THE exit of the UK from the EU recently was the latest in a long in-out dance in which Hampshire has been a prominent partner. Europeans have shaped so much of the county. We call them Romans, Saxons and Normans, but even a casual skim of the Historic Environment Record for Hampshire shows it is impossible to step outside without finding some physical trace they left.

In contrast, the legacy of the EU will surely be almost all documentary, including an Accord between the Hampshire County Council and Lower Normandy signed on October 26, 1989, in a flush of enthusiasm for a new era. Photos and press cuttings show how enthusiastically the 10th anniversary was later greeted in 1999 in Caen. Upper and Lower Normandy rejoined in 2016 and the Accord has now lapsed.

Historically, the most obvious legacy in the county is Norman: for at least 300 years the official working language was French. The Norman kings, with a palace in Winchester, reigned over huge parts of England and France. Many French abbeys had so-called “alien priories” in Hampshire – at Hamble, Hayling Island, Andover, Monk Sherborne, Ellingham, as well as on the Isle of Wight.

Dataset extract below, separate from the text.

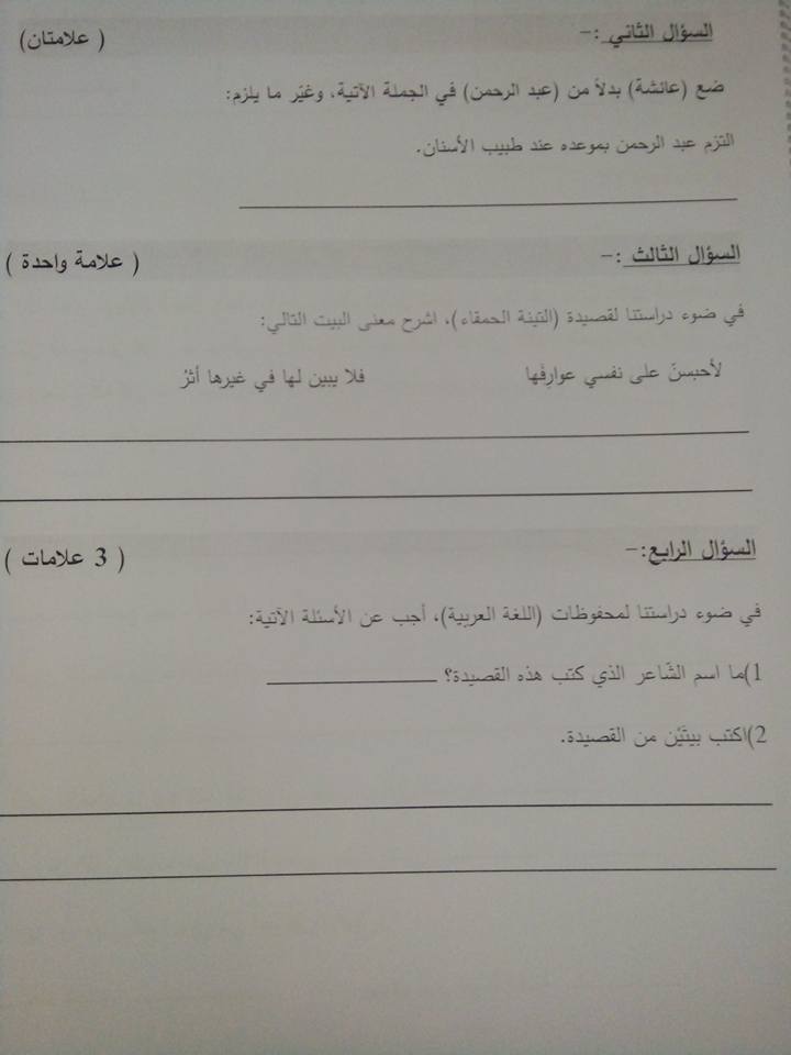 ننقل لكم بالصور : نموذج لاختبار الشهر الأول لمادة اللغة العربية للصف الخامس الفصل الأول

Hereafter, links with France centred around war and religion. Henry V suppressed the priories and with his army left from Southampton in 1415 in a bid to regain lost territories. The forts at Southsea, Hurst Point and elsewhere along the south coast were later built by Henry VIII to keep out the French.

In the mid-1700s, during the Anglo-Dutch Wars and the Seven Years War many prisoners-of-war were brought to the county. And later thousands more from the Napoleonic Wars and the American War of Independence were incarcerated here. The ranks were held in hulks in Portsmouth Harbour, in Portchester Castle and in the unfinished Kings House built for Charles II at Winchester. Officers, however, were often allowed free rein. Some were buried with dignity in English graveyards, as at St John’s church, Alresford.

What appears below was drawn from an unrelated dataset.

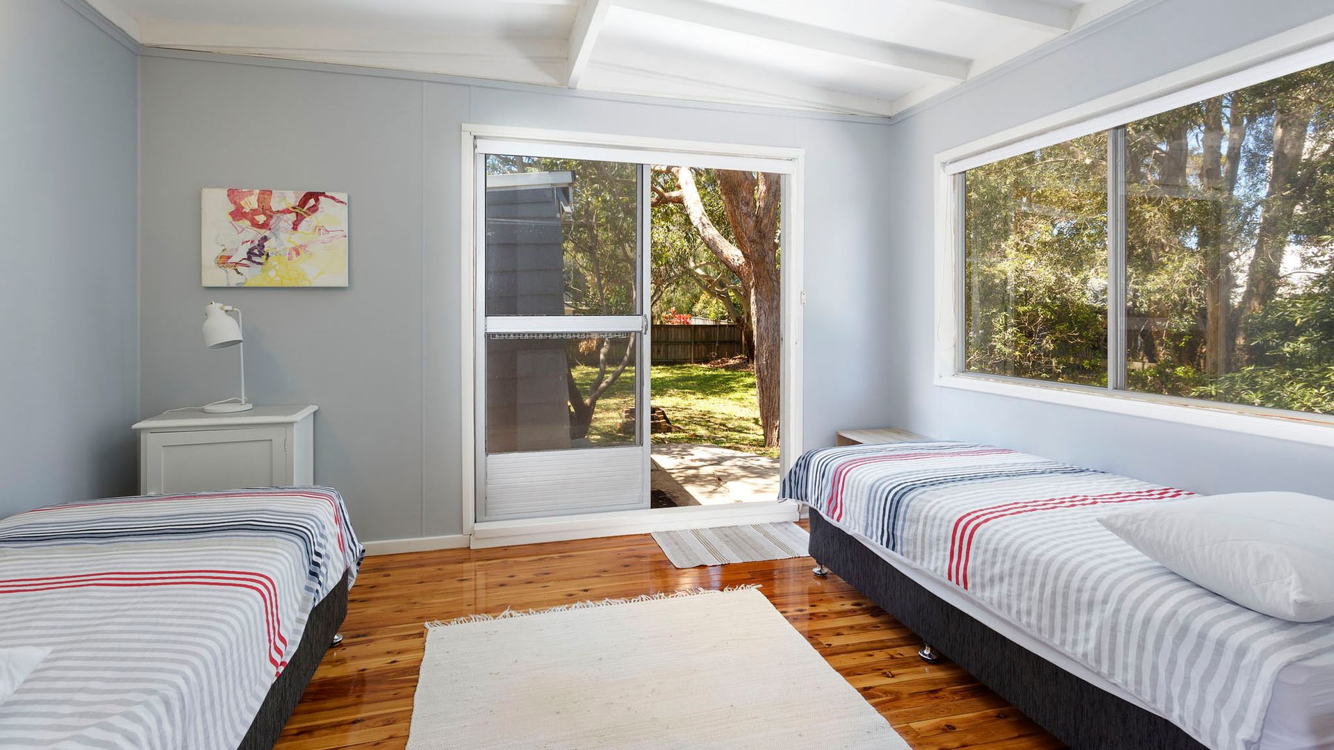 Offering a queen bed in the main room and two singles in the kids’ bedroom.

The huge dockyard at Portsmouth and the city in general grew in response to these threats. After the French Revolution, vain efforts were made to prevent war by Hampshire grandees and others, including James Harris, 1st Earl of Malmesbury, and William Wickham, as documented at length in the Hampshire Record Office.

Although religious links with the Continent can be summed up as “Protestant versus Catholic”, the reality was more complex. The French Revolution led to Catholic priests fleeing to England to escape persecution. Hundreds were accommodated in Winchester in the same place that had held prisoners, the Kings House. A plaque in St Peter’s Catholic Church in the city tells (in Latin) of “the generous British nation” and the “voluntary subscription of all ranks of men” in supporting the refugees.

In the previous century it had been French Protestant refugees. They were allowed to practise their religion freely in France until 1685, when they had to choose between Catholicism, death or exile! Many came to Hampshire: Henri de Portal from Poitiers set up a paper-making business on the river Test and the ancestors of Thomas Garnier, dean of Winchester, became seated at Rookesbury Park, Wickham.

There are so many more links with Europe to be found in the county, including the French church of St Julien in Southampton, and St Michael’s Abbey, Farnborough, founded by Empress Eugénie as a mausoleum for her husband Napoleon III. And then there is the last century, when friends and foes were shuffled!